Immigration from Mexico to U.S. Now at 'Net Zero'
As many Mexicans returning to Mexico as coming to the U.S. legally and illegally


WOAI LOCAL NEWS
by Jim Forsyth
Monday, October 10, 2011

At a time when illegal immigration has become a 'make or break' issue among Tea Partiers and Republican Party activists, Mexico's Secretary for Mexicans Living Abroad tells 1200 WOAI's Michael Board that the number of Mexicans entering the U.S. illegally is stable for the first time in two decades, with just as many illegal immigrants returning home to Mexico as are entering the U.S. illegally.

"We do believe that is happening and there are a lot of reasons for that," Secretary Javier Deleon, a member of President Felipe Calderon's cabinet, told 1200 WOAI news during a stop at UTSA. "One of the main reasons, of course, is the economy. The economy of the U.S. is not demanding jobs the way it used to."

Deleon's comments mirror studies done by Princeton University and the Pew Hispanic Center, which also have indicated that illegal immigration from Mexico and other Latin American countries has slowed to a trickle.

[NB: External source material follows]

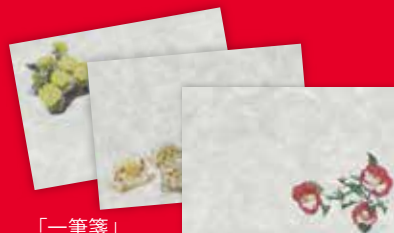
「一筆箋」 冬のイラスト3点セット1,000円(税抜) サイズ(一筆箋):140×92mm

わらぶでは、小国和紙の素朴な魅力を、手軽に感じて頂けるよう、「一筆箋」などの小物も製作しております。その中の「春夏秋冬」シリーズは、それぞれ季節に応じた3点のイラストが描かれた一筆箋3枚と封筒2枚が1セットになっています。例えば春は「つくし」、夏は「スイカ」、秋は「モミジ」、冬は「ツバキ」などがあり、どれも四季の風情を感じられる、あじわいのあるイラストです。近代美術館や、まちなか観光プラザなどで季節ごとにイラストを替えて販売させて頂いております。
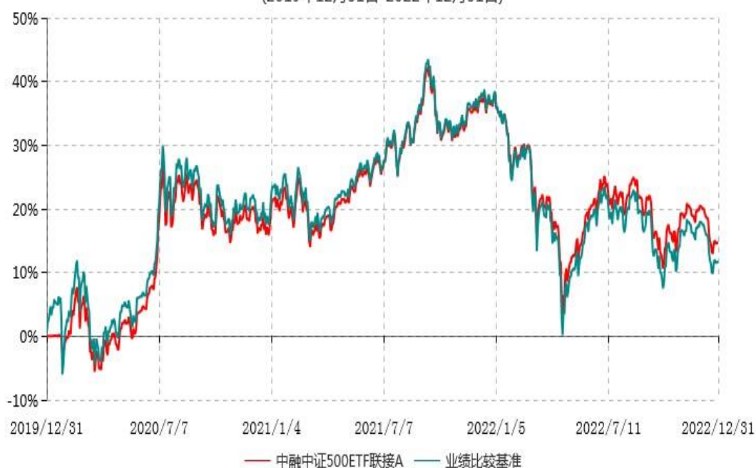
中融中证500ETF联接A累计净值增长率与业绩比较基准收益率历史走势对比图 (2019年12月31日-2022年12月31日)

Four main reasons are given for this. One is increased border security in the U.S., and the fact that states like Arizona and Alabama have passed laws severely restricting the activities of illegal immigrants.

But Deleon and others say three other factors have far more to do with the slowing of illegal immigrations into the U.S. At the same time that the U.S. economy is stagnating, the Mexican economy is surging. Mexico's unemployment rate is roughly 5%, nearly half of that in the U.S., and Mexico's economy is now turning out jobs which pay a lot more. At the same time, Mexico's educational and training opportunities for its young citizens are rapidly improving.

But perhaps the main reason for the slowing immigration pattern is demographics. In the 1960s and 1970s, Mexico had the highest birth rate in the world, with the average Mexican woman giving birth to more than five children. That created a population explosion which came of age in the 1990s and 2000s, which was far greater than any economy could have absorbed. Since the 1980s, that birth rate has fallen to about 2.2 children per woman, only slightly higher than birth rates in the U.S., and about enough to make up for natural deaths.

"Of course a lot of people who support anti immigrant legislation would probably say this is thanks to them," Deleon said. "We think it has a lot more to do with the fact that the jobs are simply not there (in the U.S.) any more."

Deleon says his office has concluded that the number of people going to the U.S. from Mexico and the number who are returning to Mexico have reached equilibrium.

"Between people going back to the United States to Mexico, both voluntary and involuntary, and people coming here from Mexico, Mexico to U.S. migration, that is a net zero now," he said.